II. Procedural History Plaintiff filed the instant action on November 1, 2022, alleging (1) direct copyright infringement against both Defendants and (2) vicarious copyright infringement against BHS. ECF No. 1 ¶¶ 39–47. On July 20, 2023, Plaintiff and Meridy reached a settlement, and soon after, the Court entered a stipulation of dismissal dismissing the action with prejudice against Meridy. ECF No. 26. On October 27, 2023, BHS moved for summary judgment against Plaintiff’s copyright claims. ECF No. 29. LEGAL STANDARD To prevail on a motion for summary judgment, the movant must “show[] that there is no genuine dispute as to any material fact and the movant is entitled to judgment as a matter of

law.” Fed.

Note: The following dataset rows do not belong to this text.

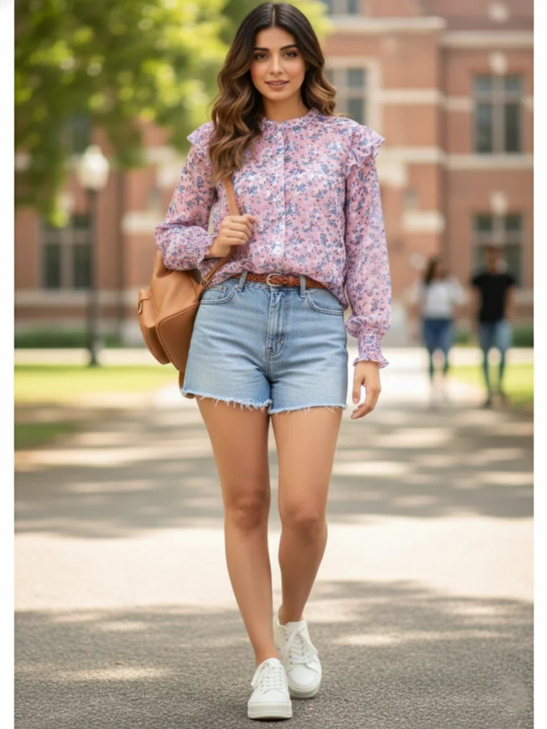 Add charm to your everyday style with this floral full-sleeves shirt. Designed with ruffle details and smocked cuffs, this shirt blends elegance and ease in every stitch. The lightweight chiffon fabric gives the shirt a soft, airy feel—perfect for staying comfortable all day. With its flattering silhouette and timeless shirt design, this piece transitions effortlessly from casual outings to more dressed-up looks. Whether paired with denim shorts or classic trousers, this shirt is sure to become a go-to favorite in your wardrobe. Embrace vintage charm with frill poet sleeves, adding a soft, romantic flow to your shirt.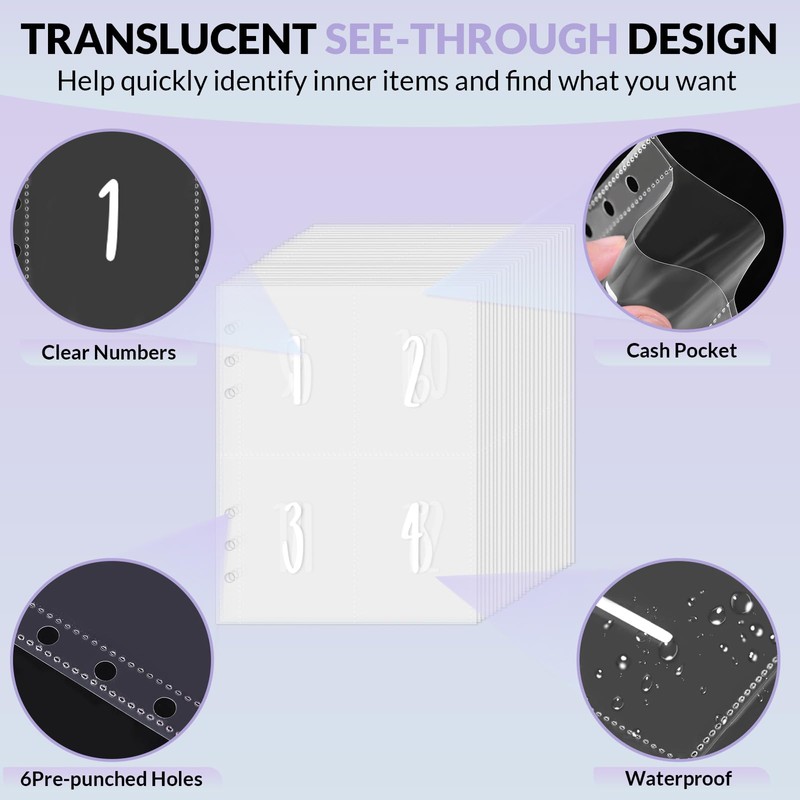 - Affordable Budget Kit: An A5 binder shell with card slot, cash wallet and stainless steel ring, 25 reusable transparent cash envelopes (number 1 to 100), a digital sticker 1 to 100 for marking, and secure button for property protection. A wealth of available accessories, good budget organizer!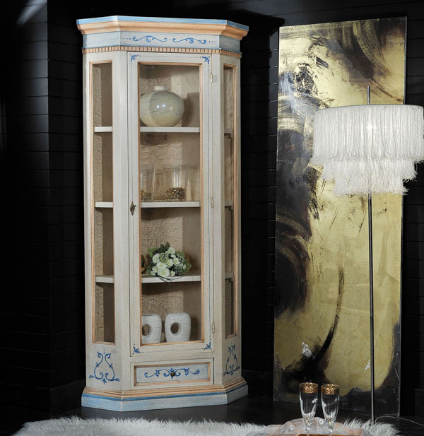 Argentiera ad angolo laccata e decorata, 1 porta e 1 cassetto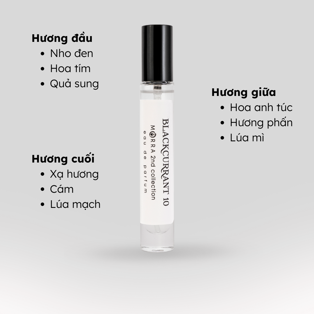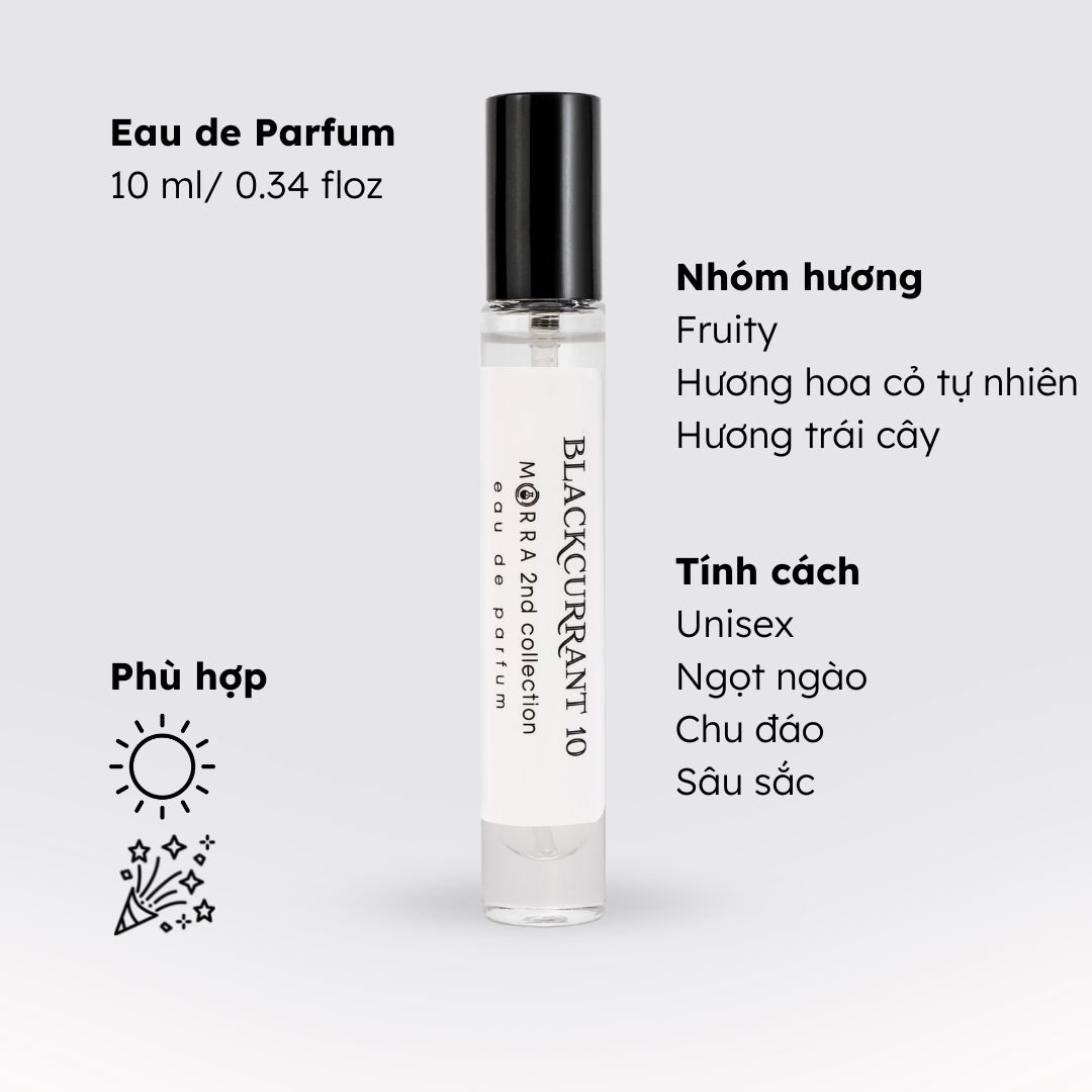 - Đối tượng sử dụng: Blackcurrant 10 phù hợp với các bạn ở độ tuổi sinh viên và cả nhân viên văn phòng. Cùng với hương thơm thanh lịch, sắc sảo và lôi cuốn với độ lưu hương cao, tỏa hương xa. Blackcurrant 10 là một sự lựa chọn hoàn hảo cho những buổi tiệc, buổi hẹn và cả những dịp thường ngày.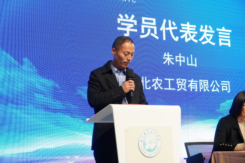 武汉职业技术公司党委副书记杨道远在开班典礼上致辞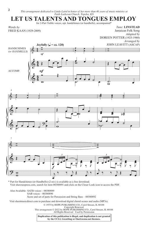 Let Us Talents and Tongues Employ 2-Part w/Handbells Arranger: Jo

R. Civ. P. 56(a); see Celotex Corp. v. Catrett, 477 U.S. 317, 322–23 (1986). The movant bears the burden of demonstrating the absence of a question of material fact. Celotex Corp., 477 U.S. at 22. If the movant meets its initial burden, “the nonmoving party must come forward with admissible evidence sufficient to raise a genuine issue of fact for trial in order to avoid summary judgment.” Jaramillo v. Weyerhaeuser Co., 536 F.3d 140, 145 (2d Cir. 2008). “A party may not rely on mere speculation or conjecture as to the true nature of the facts to overcome a motion for summary judgment.” Hicks v. Baines, 593 F.3d 159, 166 (2d Cir. 2010) (internal citation omitted). When the movant properly supports its motion with evidentiary materials, the opposing party must establish a genuine issue of fact by citing “particular parts of materials in the record” to survive the summary judgment motion. Fed. R. Civ. P. 56(c)(1)(A); see also Wright v. Goord, 554 F.3d 255, 266 (2d Cir. 2009). “Only disputes over facts that might affect the outcome of the

suit under the governing law” preclude a grant of summary judgment. Anderson v. Liberty Lobby, Inc., 477 U.S. 242, 248 (1986). In determining whether there are genuine issues of material fact, a court is “required to resolve all ambiguities and draw all permissible factual inferences in favor of the party against whom summary judgment is sought.” Terry v. Ashcroft, 336 F.3d 128, 137 (2d Cir. 2003) (quoting Stern v. Trustees of Columbia Univ. in City of New York, 131 F.3d 305, 312 (2d Cir. 1997)). “The function of the district court in considering [a] motion for summary judgment is not to resolve disputed questions of fact but only to determine whether, as to any material issue, a genuine factual dispute exists.” Kee v. City of New York, 12 F.4th 150, 166–67 (2d Cir. 2021) (internal quotation marks and citation omitted). “Credibility determinations, the weighing of the evidence, and the drawing of legitimate inferences from the facts are jury

functions, not those of a judge.” S. Katzman Produce Inc. v. Yadid, 999 F.3d 867, 877 (2d Cir. 2021) (internal citation omitted). DISCUSSION In support of its motion for summary judgment, BHS argues that (1) principles of res judicata preclude Plaintiff’s claims, (2) Plaintiff fails to demonstrate that BHS directly infringed upon Plaintiff’s copyrights, and (3) BHS is not vicariously liable for Meridy’s alleged infringement of Plaintiff’s copyrights. See ECF No. 38 (“Def. Mem.”). BHS also argues that if the Court dismisses Plaintiff’s claims, it is entitled to legal fees. Id. at 18–19. Finally, BHS raises a host of evidentiary objections with respect to Plaintiff’s counter 56.1 statement. ECF No. 45.